We also tested the performance of these primer pairs in R. simsii, a closely related species to R. ovatum but not in the same subgenus. After scanning the PCR products in 16 R. simsii individuals sampled in Shanghai, China (Appendix 1), 12 polymorphic loci (except MYH3, MYH7, MYH10, and MYH13) could be used in this congeneric species. These loci revealed high levels of polymorphism and observed and expected heterozygosities (Table 3), similar to those evaluated by the polymorphic microsatellite loci specifically developed for R. simsii (Tan et al., 2009). However, only two of the eight microsatellite loci developed for R. simsii (Tan et al., 2009) could be amplified in R. ovatum.

Table 3.

Characterization of the 16 polymorphic microsatellite loci developed for Rhododendron ovatum in R. simsii.

Locus	Shanghai Botanic Garden (n = 16)
	A	Ho	He	Allele size range (bp)
MYH2	11	0.6000	0.8529	188–222
MYH3	—	—	—	—
MYH4	11	0.6429	0.8836	127–171
MYH5	10	0.7333	0.8713	154–188
MYH6	3	0.3125	0.4940	199–203
MYH7	—	—	—	—
MYH8	3	0.5000	0.4894	159–195
MYH9	11	0.6154	0.9231	155–191
MYH10	—	—	—	—
MYH11	11	0.8125	0.8790	117–145
MYH12	3	0.2000	0.5356	130–140
MYH13	—	—	—	—
MYH14	9	0.4375	0.8609	99–121
MYH15	8	0.7333	0.7333	171–193
MYH16	12	0.8750	0.9173	110–162
MYH17	4	0.5625	0.6935	127–147

Note: A = number of alleles; He = expected heterozygosity; Ho = observed heterozygosity; n = number of individuals genotyped.

Voucher and locality information for the populations are provided in Appendix 1.

CONCLUSIONS

The 23 microsatellite loci developed in the current study provide an appropriate resource to delineate the genetic variation and genetic structure of R. ovatum populations, thereby contributing to the management and conservation of EBLFs. These markers can also facilitate future population genetic studies at a multispecies level within the genus Rhododendron.

Appendix 1.

Locality information for the Rhododendron ovatum and R. simsii samples used in this study. All voucher specimens were deposited in East China Normal University (HSNU), Shanghai, China.

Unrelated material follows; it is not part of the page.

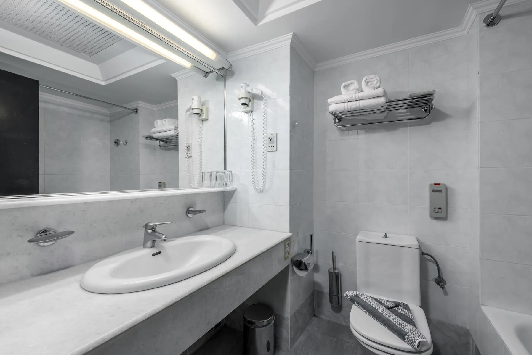 Partially renovated in 2021, the 4-storey beach hotel consists of a main building and an adjoining building, and has 310 rooms in total. It offers its guests a 24h reception (check-in from 15:00, check-out until 11:00), a lobby with bar, 4 lifts, air conditioning, a safe (for a fee), coiffeur, a mini market and a free parking area. For the meals, there is a restaurant (air-conditioned). You will be warmly welcomed in both the hotel’s bars. WiFi is available for free. Room cleaning and concierge service are free of charge. Room service, laundry / ironing service and medical service are available for a fee. Pool: In the outdoor area of the hotel you will find one fresh water pool (approx. 310 m²) with a separate children´s pool (open from April to October). Here, there are sun loungers and sun umbrellas for free available. At the pool bar you can get refreshing beverages.
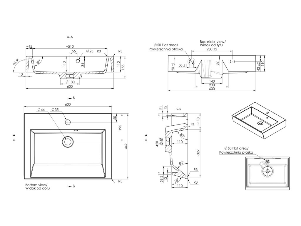 ORINOKO umývadlo 60x45cm, liaty mramor, biela

Species	Locality ID	Collection locality	Geographic coordinates	Collector	Collection no.	n
Rhododendron ovatum (Lindl.) Planch. ex Maxim.	Tiantong	Zhejiang, China	29°48′22″N, 121°47′11″E	De-Chen Liu	ROTTZJ01–30	30
Rhododendron ovatum	Tianmu	Zhejiang, China	30°18′04″N, 119°24′32″E	De-Chen Liu	ROTMZJ01–29	29
Rhododendron ovatum	Jinggang	Jiangxi, China	26°32′34″N, 114°08′50″E	De-Chen Liu	ROJGJX01–30	30
Rhododendron simsii Planch.	Shanghai Botanic Garden	Shanghai, China	31°08′46″N, 121°26′50″E	De-Chen Liu	RSBGSH01–16	16

Note: n = number of individuals sampled.